## Instructions to follow
Taking the line with "准备适量的土豆,洗净去皮后,切成片儿,洗去淀粉,放入盘中备用。" as the first and the last line of the listing as the final one, please copy exactly those lines and no others, without pictures.

## Available data

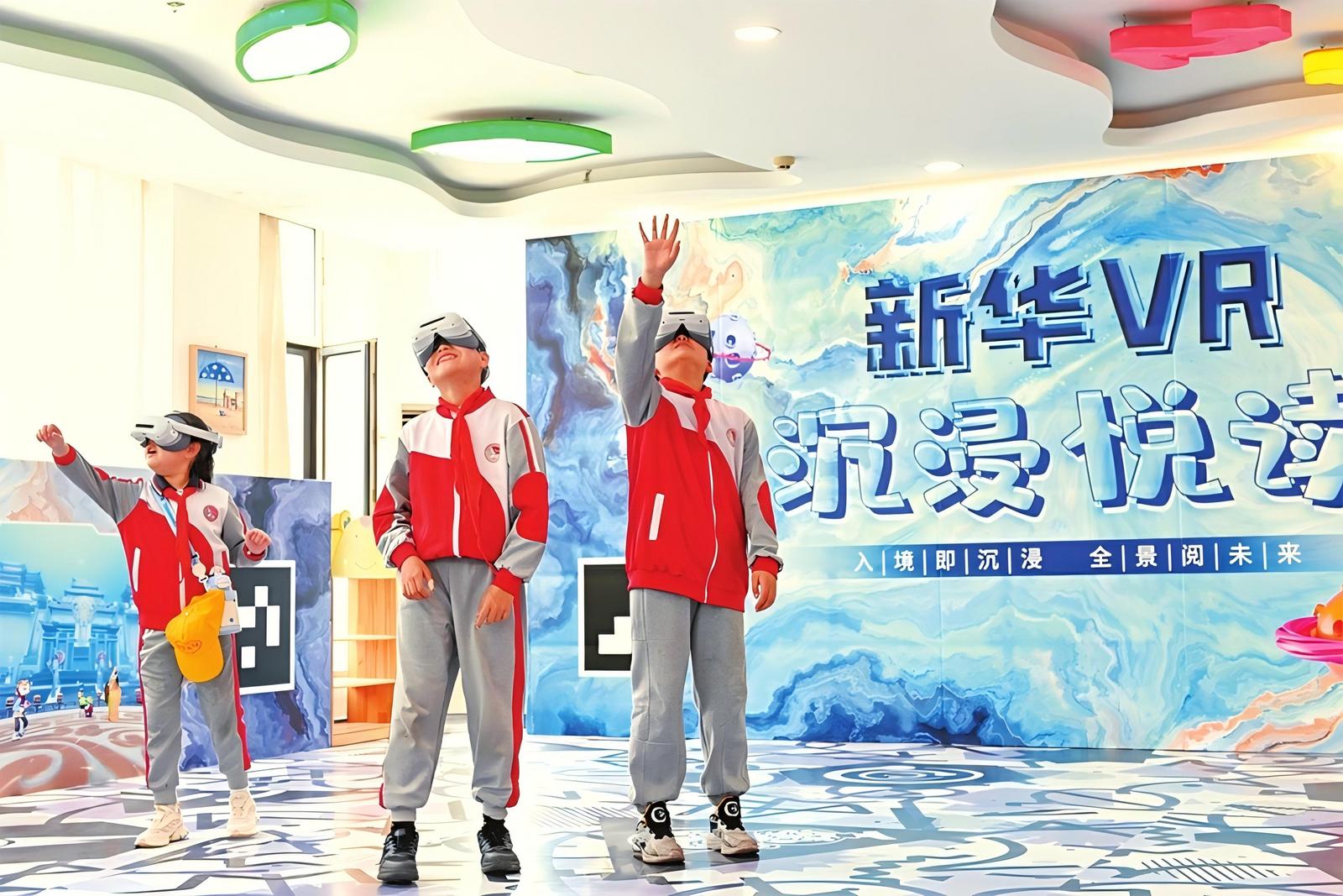 4月21日,山西新华书店图书大厦内,来自太原市迎泽区双东小学的孩子们正在体验VR沉浸悦读。日前,全省首家VR沉浸式阅读体验馆正式开放,读者可“化身”书中角色,通过3D音效、视觉渲染与触觉反馈的跨感官协同,在趣味互动中爱上阅读。王若渊摄
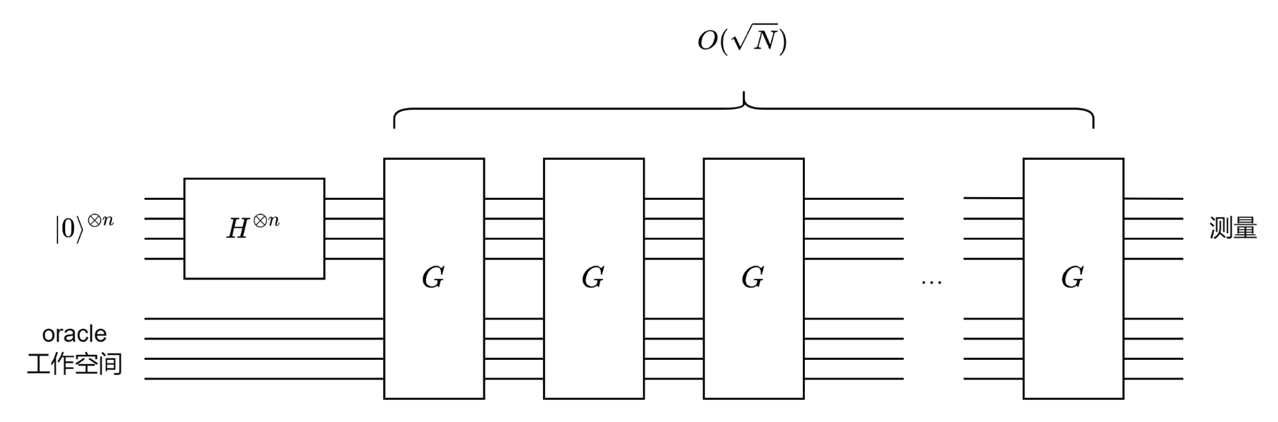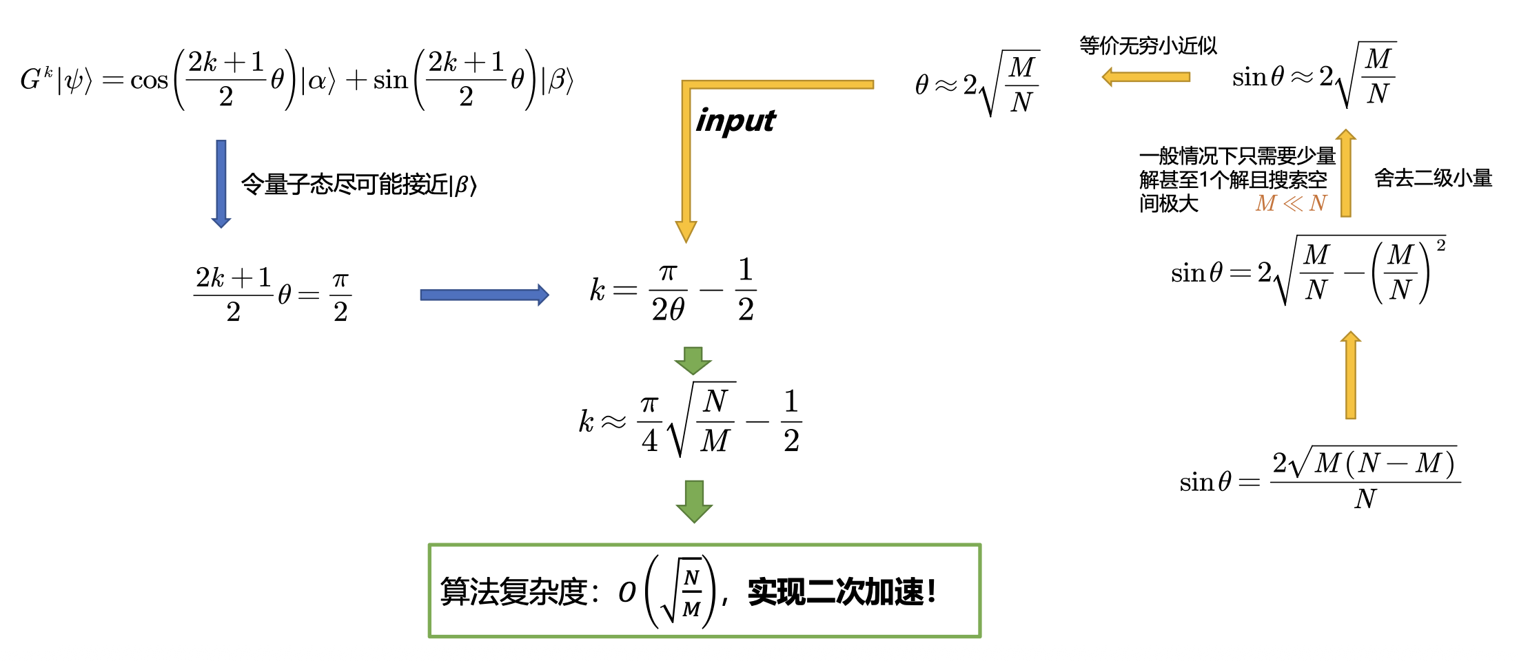 - 初始状态为 \(|\psi\rangle = \sqrt{\frac{N-M}{N}} |\alpha\rangle + \sqrt{\frac{M}{N}} |\beta\rangle\)
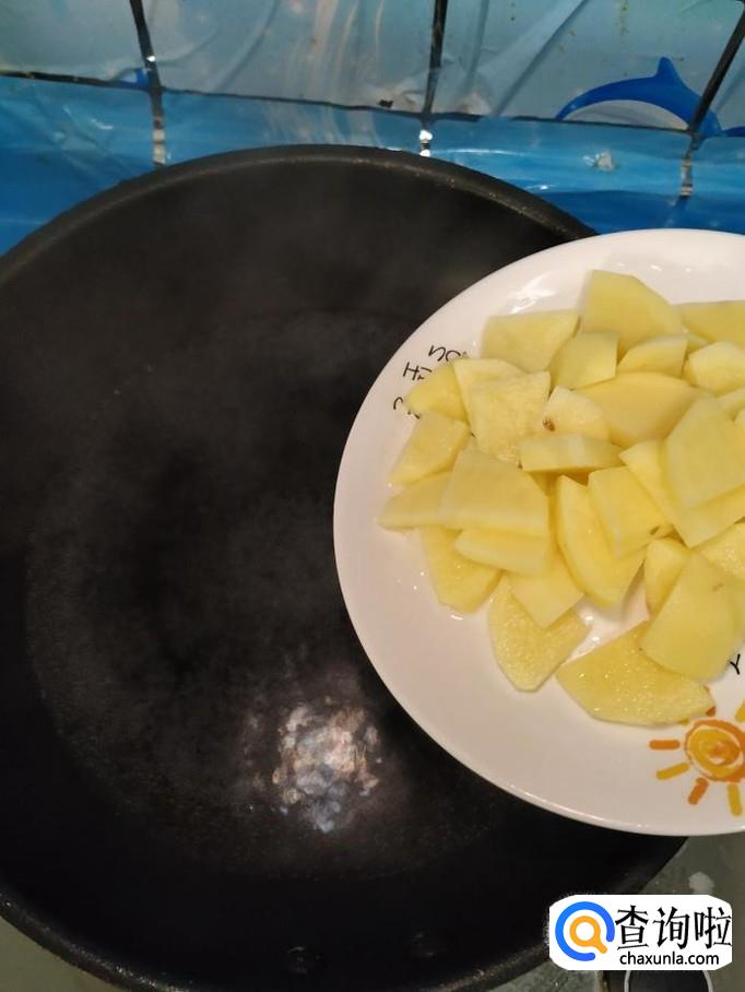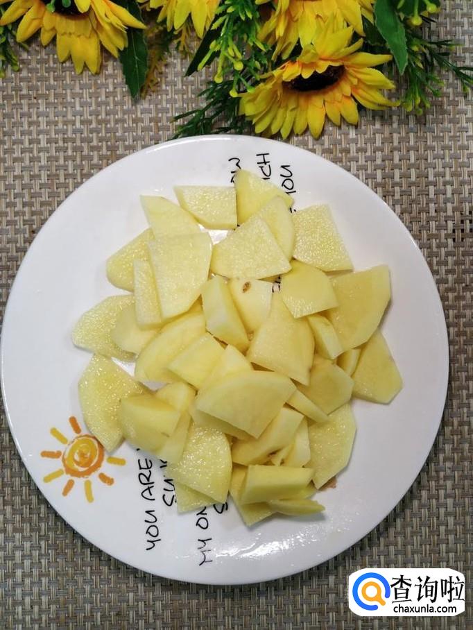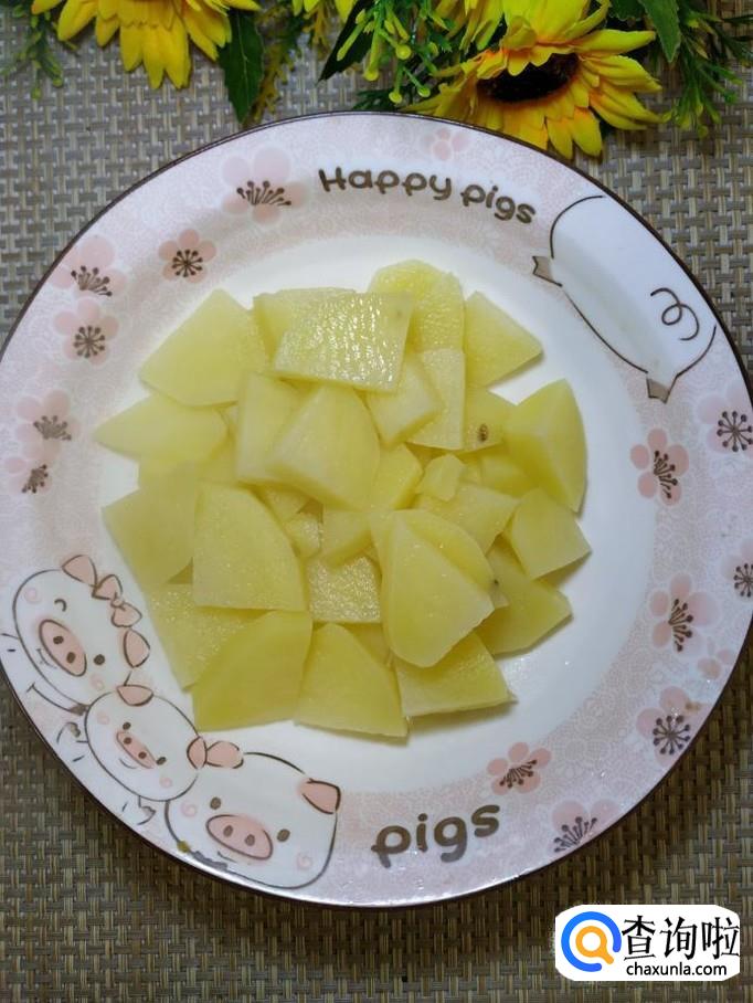 准备适量的土豆,洗净去皮后,切成片儿,洗去淀粉,放入盘中备用。
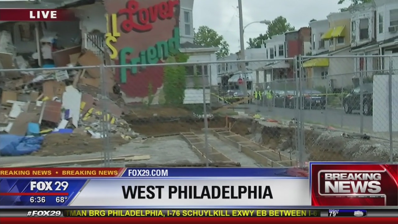 Cat alerts couple before wall of their stand-alone rowhome collapses

## Output for this exercise
 准备适量的土豆,洗净去皮后,切成片儿,洗去淀粉,放入盘中备用。
 Cat alerts couple before wall of their stand-alone rowhome collapses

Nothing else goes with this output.